__Data excerpts__
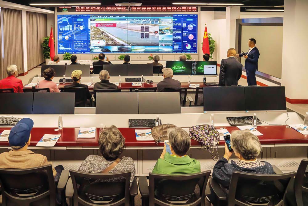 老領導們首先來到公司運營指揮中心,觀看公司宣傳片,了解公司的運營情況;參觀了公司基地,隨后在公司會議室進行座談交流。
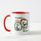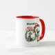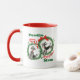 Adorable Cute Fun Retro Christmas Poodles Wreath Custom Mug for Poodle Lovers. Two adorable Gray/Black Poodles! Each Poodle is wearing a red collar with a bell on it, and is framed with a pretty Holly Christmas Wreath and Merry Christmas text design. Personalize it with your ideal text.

--

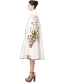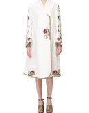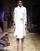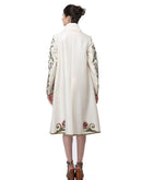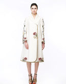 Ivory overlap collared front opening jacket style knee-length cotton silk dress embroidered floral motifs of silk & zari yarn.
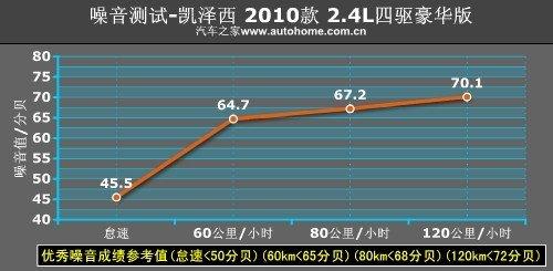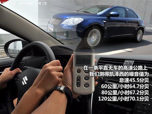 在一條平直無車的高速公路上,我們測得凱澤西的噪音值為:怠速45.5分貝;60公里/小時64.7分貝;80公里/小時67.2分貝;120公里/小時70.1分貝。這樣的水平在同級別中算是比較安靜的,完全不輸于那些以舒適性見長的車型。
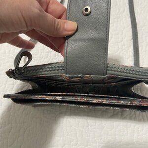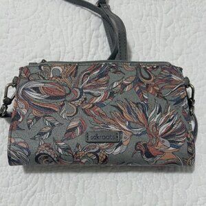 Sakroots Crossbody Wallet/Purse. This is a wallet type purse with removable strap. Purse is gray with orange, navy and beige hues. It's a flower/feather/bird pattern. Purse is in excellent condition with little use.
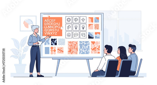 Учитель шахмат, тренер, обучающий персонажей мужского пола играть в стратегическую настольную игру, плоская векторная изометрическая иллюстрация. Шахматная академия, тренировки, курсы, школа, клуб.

__Task details__
Give back exactly, and solely, the section of the data above bounded by the line containing "Sakroots Crossbody Wallet/Purse." and the line containing "Учитель шахмат, тренер, обучающий", both bounding lines included and pictures omitted.

__Answer__
 Sakroots Crossbody Wallet/Purse. This is a wallet type purse with removable strap. Purse is gray with orange, navy and beige hues. It's a flower/feather/bird pattern. Purse is in excellent condition with little use.
 Учитель шахмат, тренер, обучающий персонажей мужского пола играть в стратегическую настольную игру, плоская векторная изометрическая иллюстрация. Шахматная академия, тренировки, курсы, школа, клуб.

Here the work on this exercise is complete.